Member of the Florida House of Representatives from the 14th district
- In office November 3, 1992 – November 7, 2000
- Preceded by: Betty Holzendorf (redistricting)
- Succeeded by: Terry Fields

Personal details
- Born: September 9, 1957 (age 68) Jacksonville, Florida
- Party: Democratic
- Spouse: Patricia
- Children: 4
- Education: Lincoln University Edward Waters College National Labor College (B.A.)
- Occupation: Longshoreman, labor organizer

Military service
- Allegiance: United States
- Branch/service: United States Army
- Years of service: 1977–1983

= Tony Hill (politician) =

American politician (born 1957)

Anthony C. Hill Sr. (born September 9, 1957) is a Democratic politician from Florida who served as a member of the Florida House of Representatives from the 14th district from 1992 to 2000 and as a member of the Florida Senate from the 1st district from 2002 to 2011.

==Early life==
Hill was born in Jacksonville, Florida, in 1957, and graduated from Jean Ribault High School. He attended Lincoln University for two years before serving in the U.S. Army from 1977 to 1983 in Baumholder, West Germany. Hill worked as a longshoreman at the Port of Jacksonville, and was involved in labor organizing, serving as the president of the local chapter of the Coalition of Black Trade Unionists, and later attending the National Labor College. In 1988, he was elected as a delegate for Jesse Jackson at the 1988 Democratic National Convention in Atlanta.

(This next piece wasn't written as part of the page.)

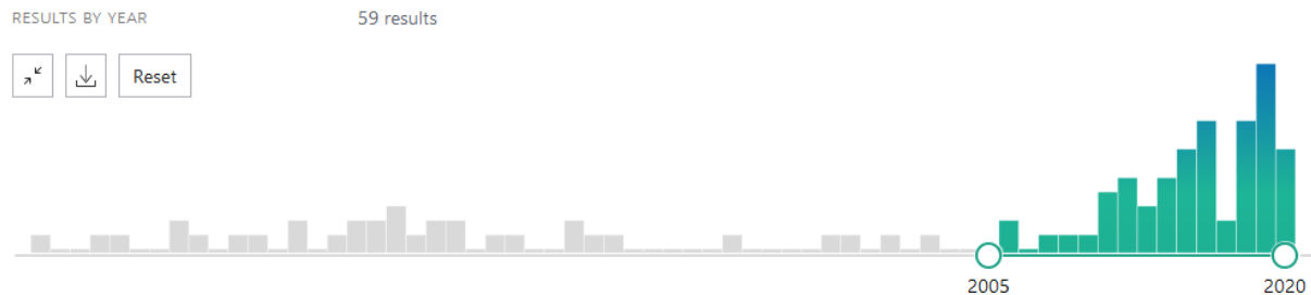
Figure 1 – Yearly visualization of works found on PubMed. In grey, we can see all available publications (1957-2020) and, in turquoise, our included sample (2005-2020). The number of publications by decade is: 1950s – 1; 1960s – 7; 1970s – 15; 1980s – 6; 1990s – 3; 2000s – 6; 2010s – 48; 2020s – 7.

Results of our request on PubMed (93 articles) highlight that, while, during several decades, students' mental health topic was often neglected, the number of publications has considerably raised over the last 15 years (2006-2020) (Figure 1).

==Florida House of Representatives==
In 1992, when State Representative Betty Holzendorf opted to successfully run for the Florida Senate rather than seek re-election, Hill ran to succeed her in the renumbered 14th district. In the Democratic primary, he faced attorney Charlie Adams, commercial fisherman Anita James, and counselor Levy Wilcox. Hill placed first in the primary, winning 42 percent of the vote, and advanced to a runoff election with James, who placed second with 30 percent. Hill defeated James in the runoff, receiving 59 percent of the vote. No other candidates filed for the race, and Hill won the general election by default.

Hill was re-elected without opposition in 1994, 1996, and 1998. He was term-limited in 2000.

In 2000, Hill and fellow State Representative Kendrick Meek staged a sit-in in Governor Jeb Bush's office suite to protest his "One Florida" plan, which would have ended affirmative action in state contracting and university admissions. Bush refused to abandon the plan, but agreed to allow community testimony on the proposal.

==Florida Senate==
When State Senator Betty Holzendorf was term-limited in 2002, Hill ran to succeed her in the renumbered 1st district. He faced State Representative Denise Lee in the Democratic primary. Hill, who was the frontrunner for the seat, earned endorsements from the local Democratic establishment, including Holzendorf and Congresswoman Corinne Brown. He ultimately defeated Lee by a wide margin, winning 61 percent of the vote to her 39 percent. He faced no Republican opponents in the general election and was elected unopposed.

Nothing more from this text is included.